Linear position measurements with minimum error-disturbance in each minimum uncertainty state
Kazuya Okamura

TL;DR
This paper constructs linear position measurements that achieve minimum error-disturbance bounds in minimum uncertainty states, providing explicit solutions and analyzing their properties within the framework of the Branciard-Ozawa error-disturbance relation.
Contribution
It introduces a necessary and sufficient condition for linear position measurements to attain the minimum error-disturbance bound in minimum uncertainty states and provides explicit measurement models.
Findings
Explicit linear measurements achieving the lower bound in minimum uncertainty states
Derived probability distributions and post-measurement states
Established conditions for optimal measurement performance
Abstract
In quantum theory, measuring process is an important physical process; it is a quantum description of the interaction between the system of interest and the measuring device.

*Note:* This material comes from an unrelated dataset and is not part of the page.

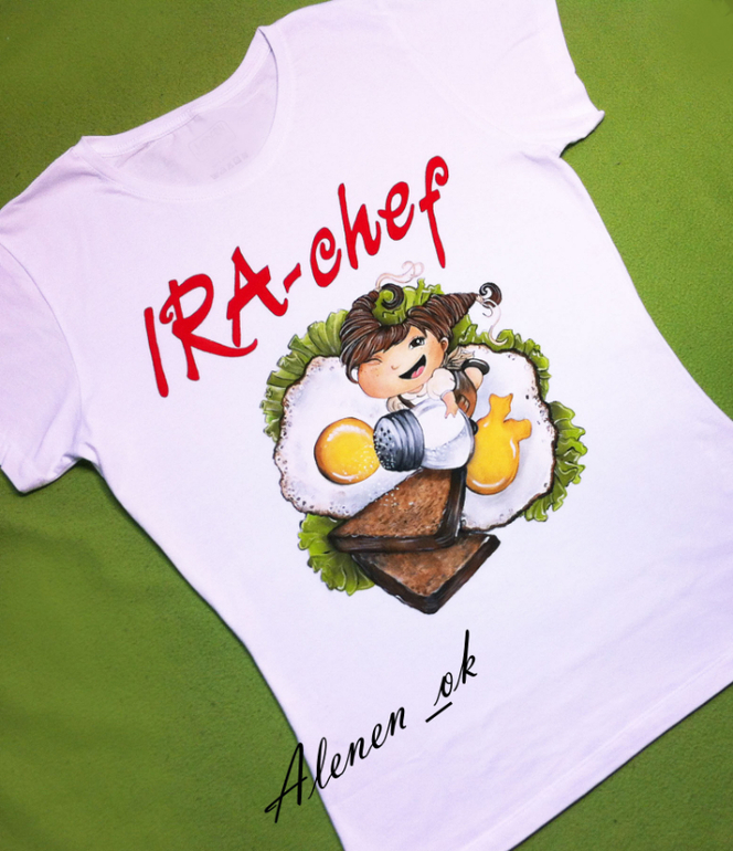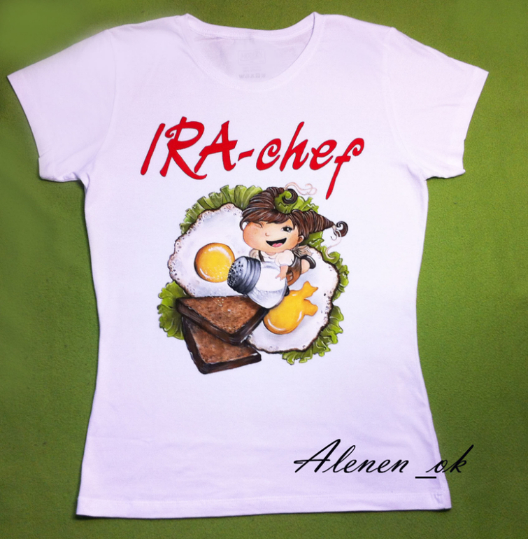 Роспись по ткани, батикВ срочном порядке была изготовлена за один вечер вот такая "вкусная"футболка в подарок девушке, которая любит, а самое главное умеет очень вкусно готовить! Как вы поняли, девушку зовут Ира, отсюда и незамысловатая надпись!

Error and disturbance are used to quantitatively check the performance of the measurement, and are defined by using measuring process. Uncertainty relations are a general term for relations that provide constraints on them, and actively studied. However, the true error-disturbance bound for position measurements is not known yet. Here we concretely construct linear position measurements with minimum error-disturbance in each minimum uncertainty state. We focus on an error-disturbance relation (EDR), called the Branciard-Ozawa EDR, for position measurements. It is based on a quantum root-mean-square (q-rms) error and a q-rms disturbance. We show the theorem that gives a necessary and sufficient condition for a…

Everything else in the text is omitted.